TO DO: Word for word, restate the listing that follows and leave out the images.

RECORDS SHOWN:
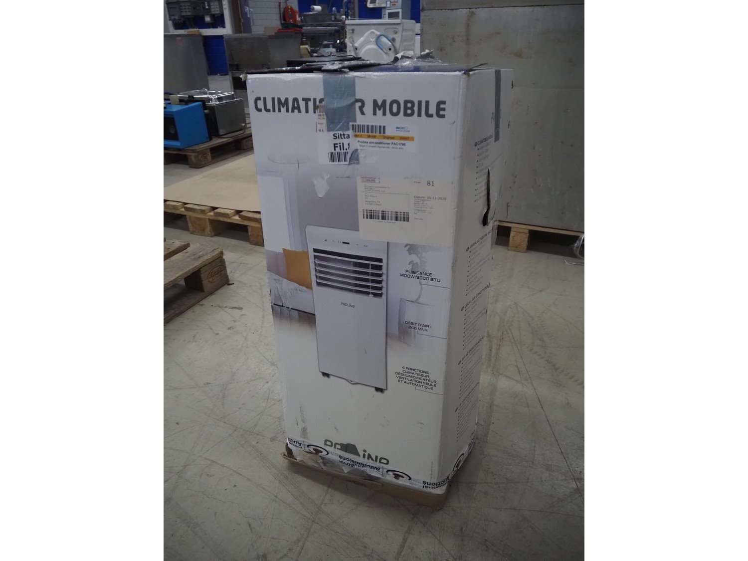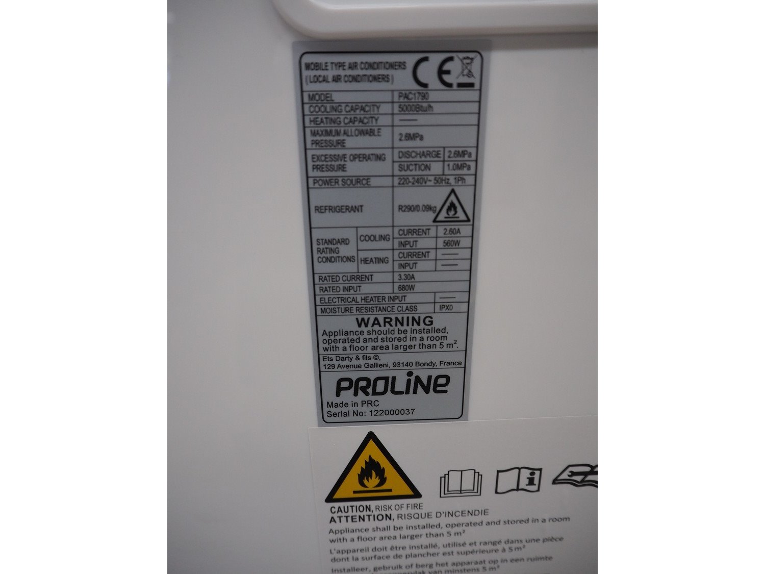 Proline air conditioning unit, model: PAC1790, serial number: 122000037, 220-240 V, 1 Ph, 50 Hz, 2.6 A, 560 W, refrigerant: R290, 0.09 kg, dimensions: 400 mm x 400 mm x 800 mm.
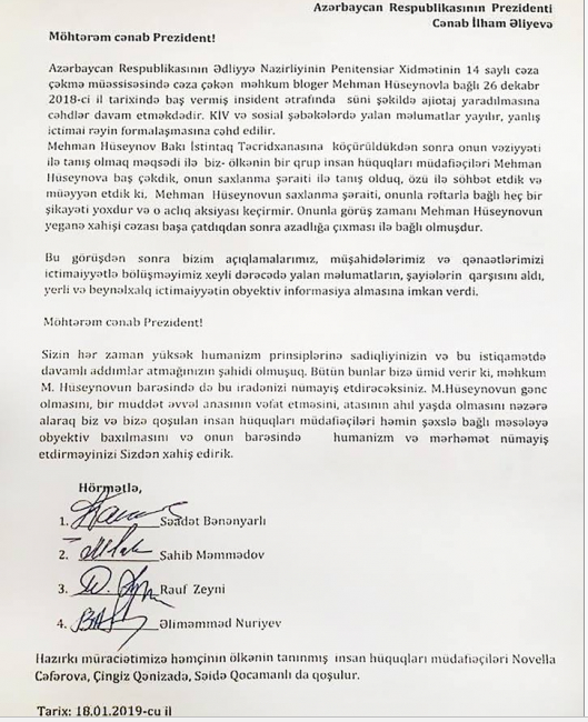 "Möhtərəm cənab prezident, sizin hər zaman yüksək humanizm prinsiplərinə sadiqliyiniz və bu istiqamətdə davamlı addımlar atmağınızın şahidi olmuşuq. Bütün bunlar bizə ümid verir ki, məhkum M. Hüseynovu barəsində də bu iradənizi nümayiş etdirəcəksiniz. M.Hüseynovun gənc olmasını, bir müddət əvvəl anasının vəfat etməsini, atasının ahıl yaşda olmasını nəzərə alaraq biz və bizə qoşulan insan hüquqları müdafiəçiləri həmin şəxslə bağlı məsələyə obyektiv baxılması və onun barəsində humanizm və mərhəmət nümayiş etdirməyinizi Sizdən xahiş edirik".
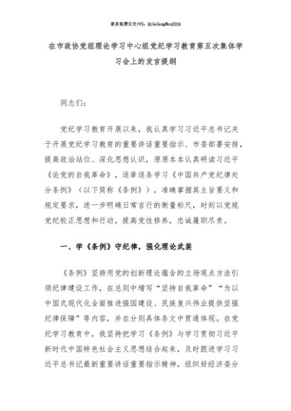 【七哥公文】2024年:在市政协党组理论学习中心组党纪学习教育第五次集体学习会上的发言提纲+更多免费公文+VX:QiGeGongWen2024
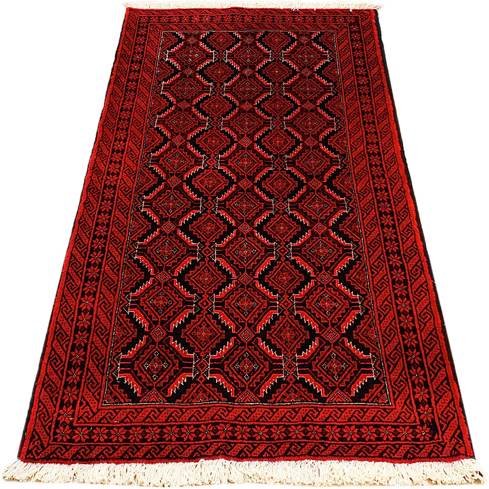 Baluch (or Baluchistan) is a region that includes the Baluchistan province in Pakistan as well as parts of Iran and Afghanistan. These very durable carpets are called Baluchi / Beluchi / Balochi since they are made in this border region; they are usually made of 100% wool and in small sizes, and feature dark red and brown colours and repetitive forms, usually the "gkiua" pattern.
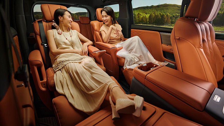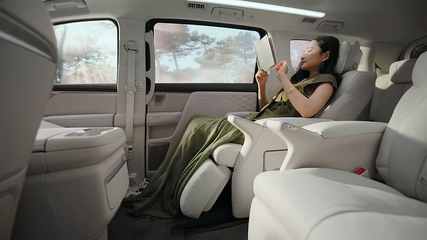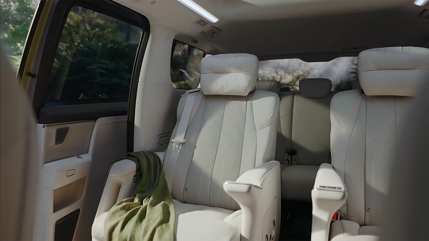 Внутреннее убранство флагманского минивэна может насчитывать до семи экранов. В список входят: виртуальный щиток приборов диагональю 10,25 дюйма, центральный тачскрин информационно-развлекательной системы и дисплей для переднего пассажира (диагональ каждого – 16,3 дюйма), 50-дюймовый проекционный дисплей AR-HUD, 21-дюймовый 4K-экран, установленный на потолке, а также пара мультимедийных экранчиков на 5,5 дюйма, предназначенных для пассажиров, расположившихся сзади.
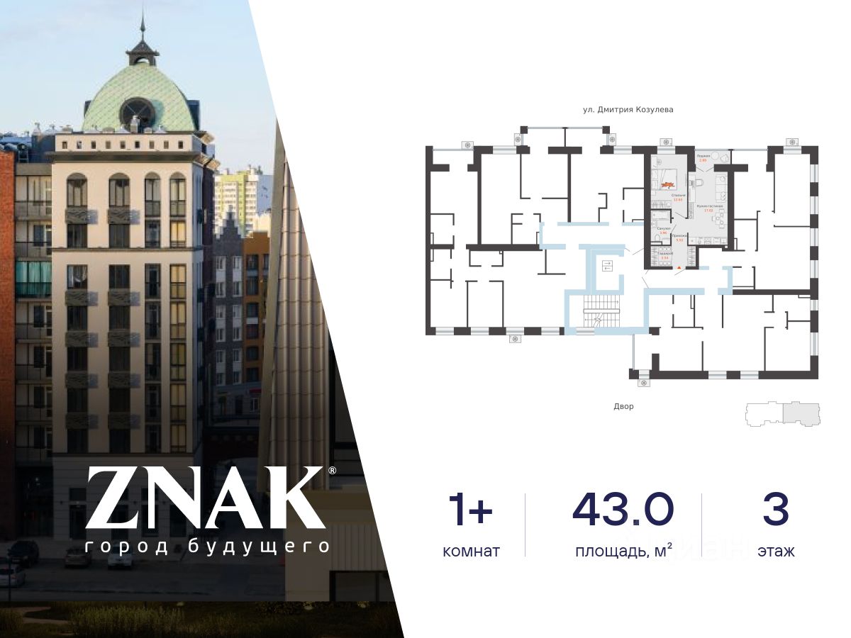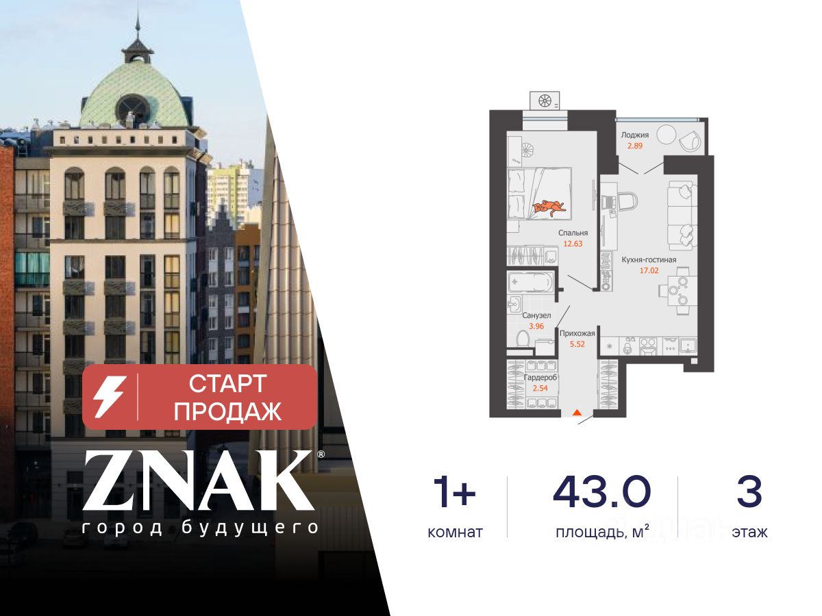 Продается 1-комнатная квартира в 3 км от Зубаревского леса, площадью 43.00 кв. м. Квартира находится в жилом комплексе комфорт-класса ZNAK от девелопера "Железно".
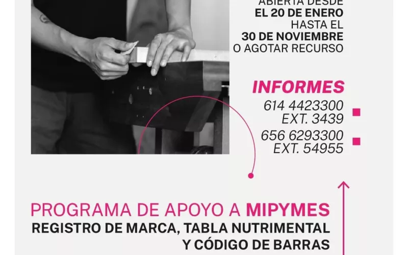 El pasado 20 de enero, la Dirección de Emprendimiento y Desarrollo Empresarial abrió la convocatoria del Programa de Apoyo a MiPyMES para el registro de marca, estudio microbiológico, tabla nutrimental y código de barras, dirigido a empresas de giro industrial, agroindustrial, artesanías, comercio y servicios. La convocatoria y los formatos para aplicar a este programa se encuentran en: www.chihuahua.com.mx
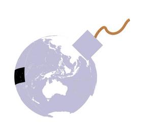 Keywords: political politics world earth map 3d globe explode bomb fuse lit hopeless
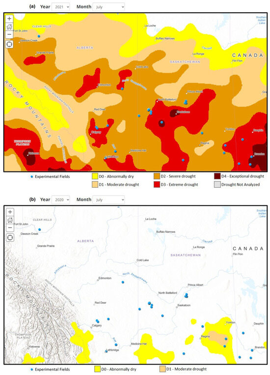 Canada Drought Monitoring [46]. (a) Drought conditions in July 2021, which was a drought year. (b) Drought conditions in July 2020, which was a normal year.

ANSWER SECTION:
 Proline air conditioning unit, model: PAC1790, serial number: 122000037, 220-240 V, 1 Ph, 50 Hz, 2.6 A, 560 W, refrigerant: R290, 0.09 kg, dimensions: 400 mm x 400 mm x 800 mm.
 "Möhtərəm cənab prezident, sizin hər zaman yüksək humanizm prinsiplərinə sadiqliyiniz və bu istiqamətdə davamlı addımlar atmağınızın şahidi olmuşuq. Bütün bunlar bizə ümid verir ki, məhkum M. Hüseynovu barəsində də bu iradənizi nümayiş etdirəcəksiniz. M.Hüseynovun gənc olmasını, bir müddət əvvəl anasının vəfat etməsini, atasının ahıl yaşda olmasını nəzərə alaraq biz və bizə qoşulan insan hüquqları müdafiəçiləri həmin şəxslə bağlı məsələyə obyektiv baxılması və onun barəsində humanizm və mərhəmət nümayiş etdirməyinizi Sizdən xahiş edirik".
 【七哥公文】2024年:在市政协党组理论学习中心组党纪学习教育第五次集体学习会上的发言提纲+更多免费公文+VX:QiGeGongWen2024
 Baluch (or Baluchistan) is a region that includes the Baluchistan province in Pakistan as well as parts of Iran and Afghanistan. These very durable carpets are called Baluchi / Beluchi / Balochi since they are made in this border region; they are usually made of 100% wool and in small sizes, and feature dark red and brown colours and repetitive forms, usually the "gkiua" pattern.
 Внутреннее убранство флагманского минивэна может насчитывать до семи экранов. В список входят: виртуальный щиток приборов диагональю 10,25 дюйма, центральный тачскрин информационно-развлекательной системы и дисплей для переднего пассажира (диагональ каждого – 16,3 дюйма), 50-дюймовый проекционный дисплей AR-HUD, 21-дюймовый 4K-экран, установленный на потолке, а также пара мультимедийных экранчиков на 5,5 дюйма, предназначенных для пассажиров, расположившихся сзади.
 Продается 1-комнатная квартира в 3 км от Зубаревского леса, площадью 43.00 кв. м. Квартира находится в жилом комплексе комфорт-класса ZNAK от девелопера "Железно".
 El pasado 20 de enero, la Dirección de Emprendimiento y Desarrollo Empresarial abrió la convocatoria del Programa de Apoyo a MiPyMES para el registro de marca, estudio microbiológico, tabla nutrimental y código de barras, dirigido a empresas de giro industrial, agroindustrial, artesanías, comercio y servicios. La convocatoria y los formatos para aplicar a este programa se encuentran en: www.chihuahua.com.mx
 Keywords: political politics world earth map 3d globe explode bomb fuse lit hopeless
 Canada Drought Monitoring [46]. (a) Drought conditions in July 2021, which was a drought year. (b) Drought conditions in July 2020, which was a normal year.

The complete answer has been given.